James Baldwin war in den 50er-Jahren als Schwarzer im Walliser Badeort Leukerbad eine Sensation. Er reflektierte dort über Rassismus und vollendete sein Romandebüt.

Auf 1400 Metern über Meer entstand einer der besten englischsprachigen Romane: James Baldwins «Gehe hin und verkünde es vom Berge». Foto: Pressenia, Keystone
Auf 1400 Metern über Meer entstand einer der besten englischsprachigen Romane: James Baldwins «Gehe hin und verkünde es vom Berge». Foto: Pressenia, Keystone

Er fuhr auf Besuch für zwei Wochen. Das war im Sommer 1951. Danach wollte James Baldwin nie mehr wiederkehren in dieses Kaff mitten in einem Postkartenpanorama, wo es keine Anregungen für ihn gab, nur die misstrauisch-sensationshungrigen Blicke der Erwachsenen und die Angstlustschreie der Kinder – «Neger!, Neger!» –, wenn sie ihn auf der Strasse sahen.

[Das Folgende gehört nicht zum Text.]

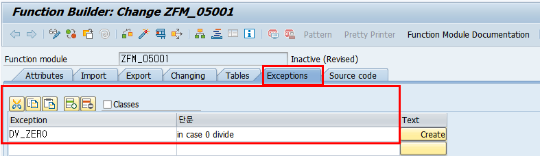 Exceptions Parameter를 사용하면 Function Module이 실행되는 동안 발생하는 예외사항을 처리할 수 있다.

Doch im Winter nach diesem Sommer des Missvergnügens zog Baldwin trotzdem mit Sack und Pack, seinem Plattenspieler und seinen zwei Lieblingsplatten von Bluessängerin Bessie Smith für ein paar Monate ins Leu-kerbader Familienchalet seiner grossen Liebe Lucien Happersberger. Eine Retraite, die der Autor im nächsten Winter wiederholte – und das gerade deshalb, weil die Ödnis im 600-Seelen-Nest im Winter noch öder und weisser war.